● What you should do
Starting at the line that contains "但两位老将合作4年后的任职回", transcribe every remaining line of the data below exactly, and omit all pictures.

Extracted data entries
== Segment start ==

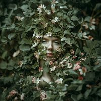 De groene vrouw omringd door bloemen en bladeren. Eén zijn met de natuur. Dit stuk voegt sfeer toe, terwijl het ook zorgt voor interactie.
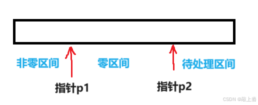 这里可以让p1指向非零区间的最后一个元素,p2指向待处理区间的第一个元素,这样的话如果p2遍历到非零元素的话就可以直接与++p1后交换元素。而如果p2遍历到零元素的话并不需要做任何改动,p2继续遍历。那么随着p2遍历结束整数组就只剩下非零区间和零区间,而且非零元素的相对顺序依旧不变。这样这个算法就算完成了。
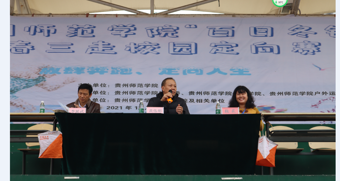 2021年12月4日早上9:30, 2021年2026世界杯官方合作网站“百日冬锻”暨青春三走校园定向赛在2026世界杯官方合作网站田径场顺利开幕。2026世界杯官方合作网站经理黄伟明、副经理李延武和张荻老师出席了本次开幕式,比赛吸引了来自全校各个专业20支代表队共80多位同学的热情参与。
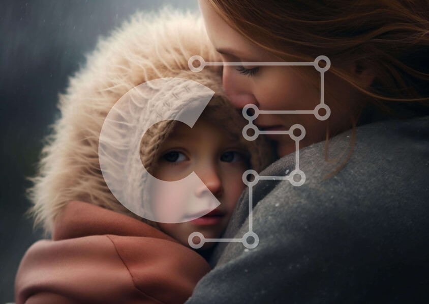 Υπάρχει δυνατότητα προσωποποίησης με δική σας φωτογραφία και προσαρμογής διαστάσεων κατόπιν παραγγελίας. Το συγεκεριμενο puzzle παρουσιαζει Η εικόνα δείχνει μια συγκινητική στιγμή ανάμεσα σε μια μητέρα και ένα παιδί στη βροχή. Η γυναίκα φοράει ένα γούνινο παλτό εμπνευσμένο από ζώα, παρέχοντας ζεστασιά και θαλπωρή. Το παιδί είναι φωλιασμένο στο στήθος της γυναίκας, τονίζοντας την εγγύτητα μεταξύ τους. Ένα μοναδικό
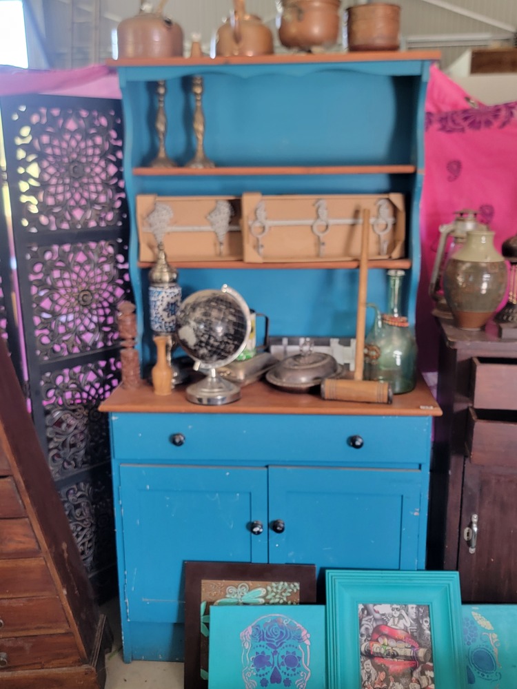 30. Sky blue crockery sideboard, globe and copper pots on top.
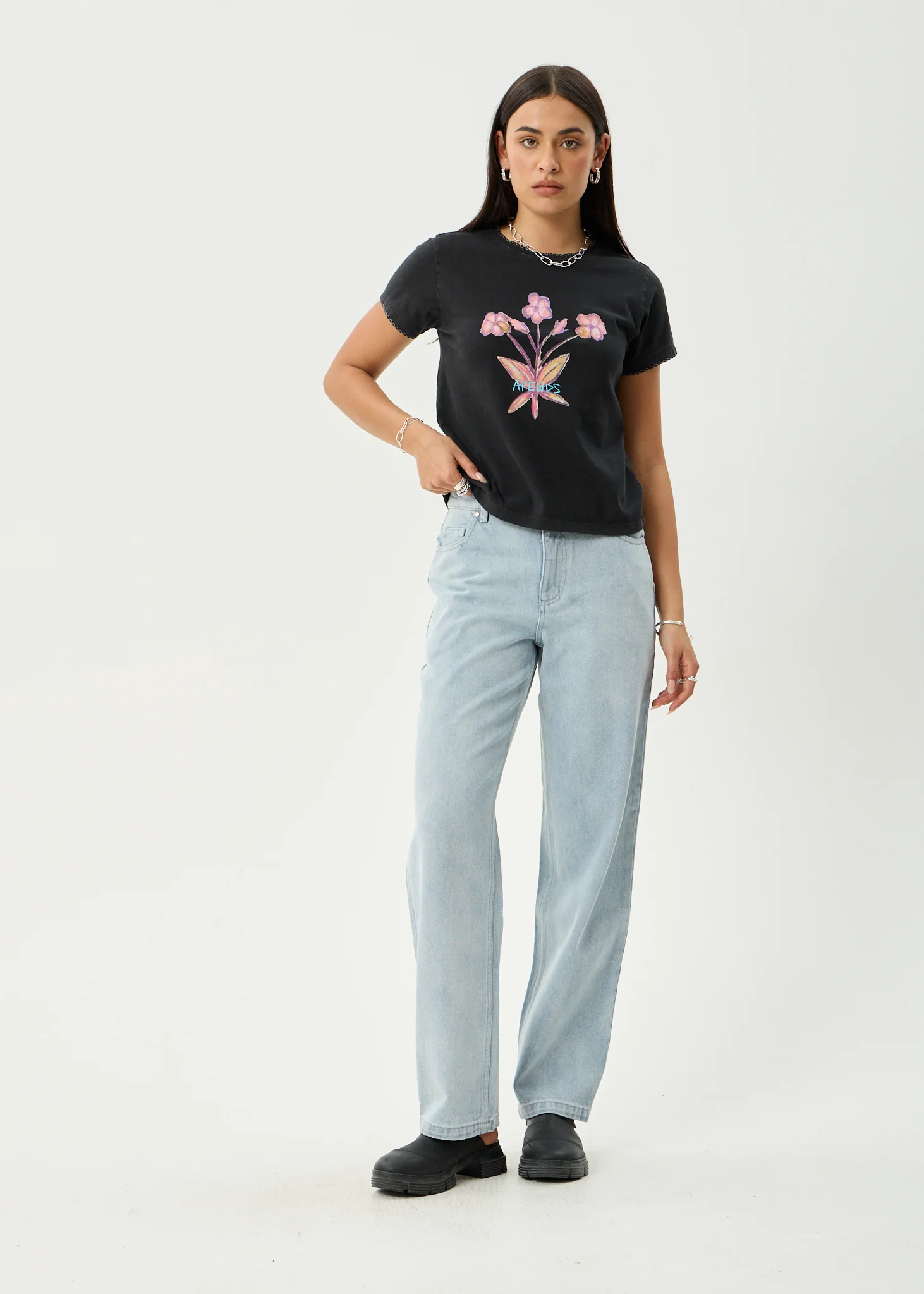 AFENDS Womens Briar - Regular Tee - Stone Black
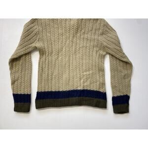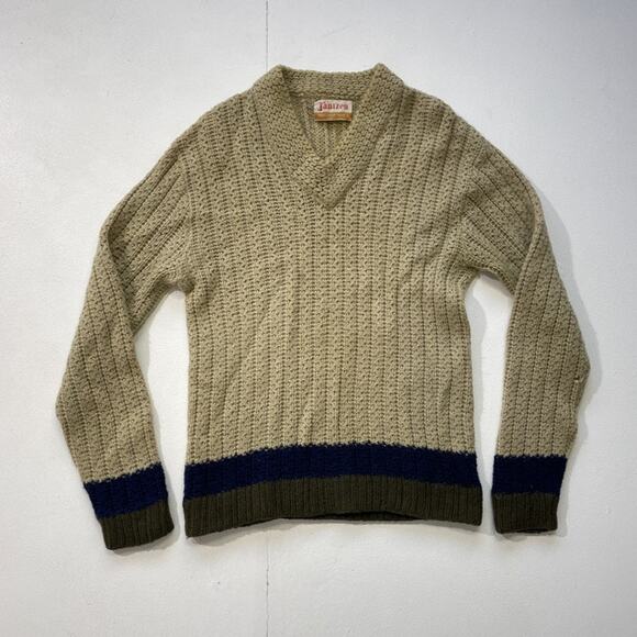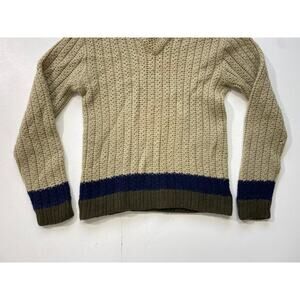Great pullover mens V neck sweater. Beige/tan with navy and green stripes at the hem/sleeve cuff
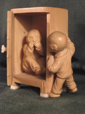С деревом ситуация проще: крымского самшита, заготовленного 25 лет назад, мне хватит надолго. Еще один очень популярный у резчиков материал для изготовления нэцкэ — эбеновое дерево. Его у меня тоже достаточно — я купил 5 килограммов эбенового дерева в Шри-Ланке у местных резчиков, заплатив $ 18 за килограмм, при рыночной цене $ 50. Четверть века назад, когда я только начинал вырезать нэцкэ, о таком разнообразии материалов речь, естественно, не шла: тогда даже информацию о миниатюрных японских фигурках было не найти. Зато сейчас, благодаря социальным сетям, можно запросто переписываться с японскими мастерами и коллекционерами. У меня уже есть несколько таких друзей: мы часто общаемся и я собираюсь наконец воспользоваться их приглашением и посетить Японию. Потому что, согласитесь, быть мастером японской миниатюры и не посетить родину нэцкэ как‑то нелогично.
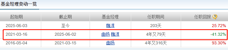 但两位老将合作4年后的任职回报却是亏损超过41%,从2025年6月份后,曲扬离任,该基金由魏淳单独管理,尽管随后基金收益率上涨,但目前仍然没有扭转年内下跌的窘况。
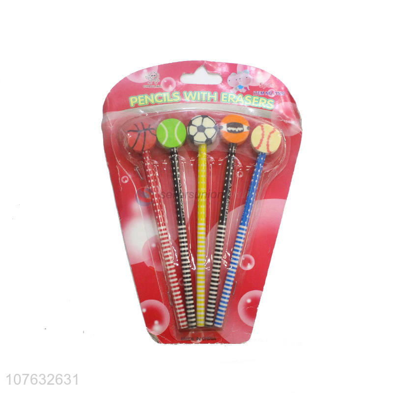 Fashion Design 5 Pieces Pencil With Round Eraser Set
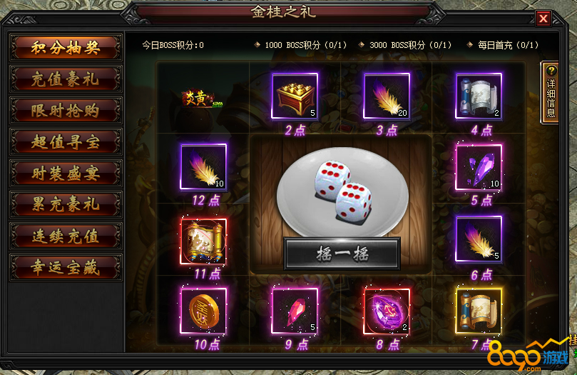 1.2 活动期间内击杀boss可获得积分,每天最多可以获得3次摇奖机会
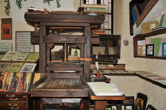 Unterwegs treffen wir in einem kleinen Gebäude auf die Druckereipresse, die zu touristischen Zwecken einzelne Buchseiten druckt.
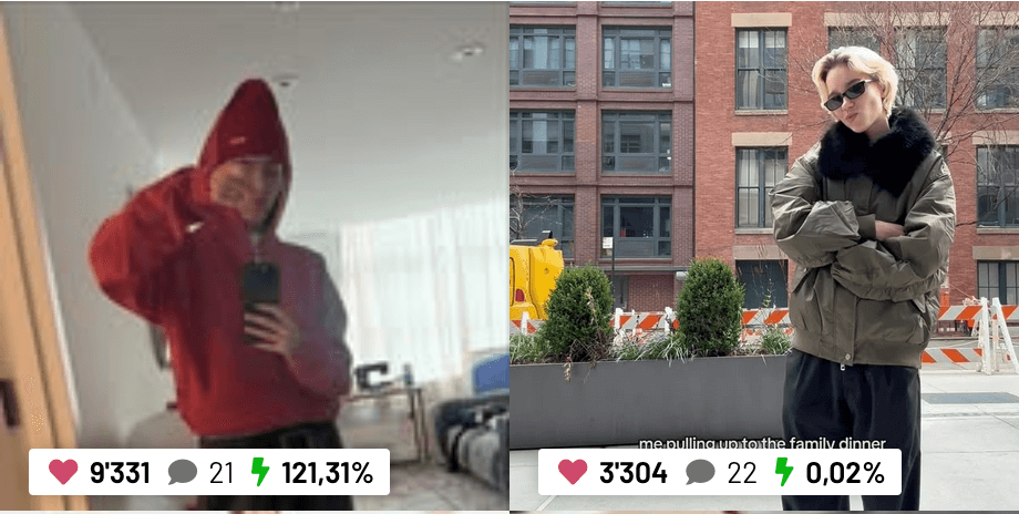 Noch erstaunlicher ist eigentlich nur, dass diese Marken sie trotzdem weiter buchen!? Vielleicht hoffen sie ja jedes Mal aufs Neue auf ein Wunder, oder haben langfristige Verträge abgeschlossen, aus denen sie nicht raus können?! Wenn ich als Agentur wüsste, dass es sowieso bodenlos floppt, würde ich auch die Verträge entsprechend gestalten … zwinker, zwinker. Wie schon mal gesagt: Unmöglich kann die Agentur dies nicht längst selbst gemerkt haben. Da steckt System dahinter! Aber, man weiß es nicht! Der in Lenas Story verlinkte Make-up-Artist Pascal wird sich heute jedenfalls auch fragen, warum sein Shoutout so verpufft. Seine zwei Reels vom Shooting bringen es – trotz Lena Shoutout – auf zusammen gerade einmal 24 (!) Likes. Es ist inzwischen fast schon Comedy. Aber gut: Für uns hier bleibt es immerhin unterhaltsam!
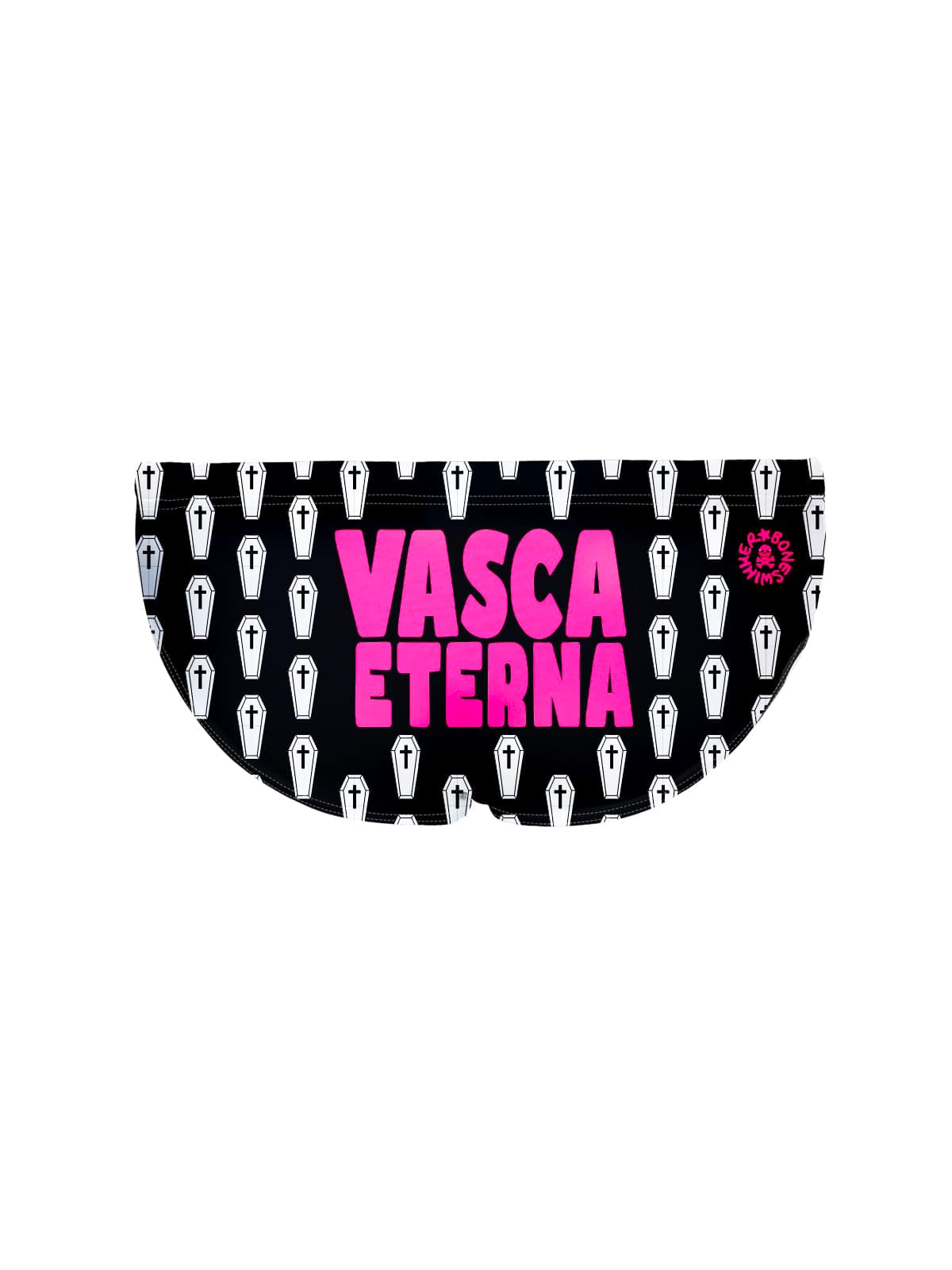 Impression "Eterna". Le style du maillot est ironique et joue sur un motif graphique élégamment noir et blanc.

== Segment end ==

● Answer for this exercise
 但两位老将合作4年后的任职回报却是亏损超过41%,从2025年6月份后,曲扬离任,该基金由魏淳单独管理,尽管随后基金收益率上涨,但目前仍然没有扭转年内下跌的窘况。
 Fashion Design 5 Pieces Pencil With Round Eraser Set
 1.2 活动期间内击杀boss可获得积分,每天最多可以获得3次摇奖机会
 Unterwegs treffen wir in einem kleinen Gebäude auf die Druckereipresse, die zu touristischen Zwecken einzelne Buchseiten druckt.
 Noch erstaunlicher ist eigentlich nur, dass diese Marken sie trotzdem weiter buchen!? Vielleicht hoffen sie ja jedes Mal aufs Neue auf ein Wunder, oder haben langfristige Verträge abgeschlossen, aus denen sie nicht raus können?! Wenn ich als Agentur wüsste, dass es sowieso bodenlos floppt, würde ich auch die Verträge entsprechend gestalten … zwinker, zwinker. Wie schon mal gesagt: Unmöglich kann die Agentur dies nicht längst selbst gemerkt haben. Da steckt System dahinter! Aber, man weiß es nicht! Der in Lenas Story verlinkte Make-up-Artist Pascal wird sich heute jedenfalls auch fragen, warum sein Shoutout so verpufft. Seine zwei Reels vom Shooting bringen es – trotz Lena Shoutout – auf zusammen gerade einmal 24 (!) Likes. Es ist inzwischen fast schon Comedy. Aber gut: Für uns hier bleibt es immerhin unterhaltsam!
 Impression "Eterna". Le style du maillot est ironique et joue sur un motif graphique élégamment noir et blanc.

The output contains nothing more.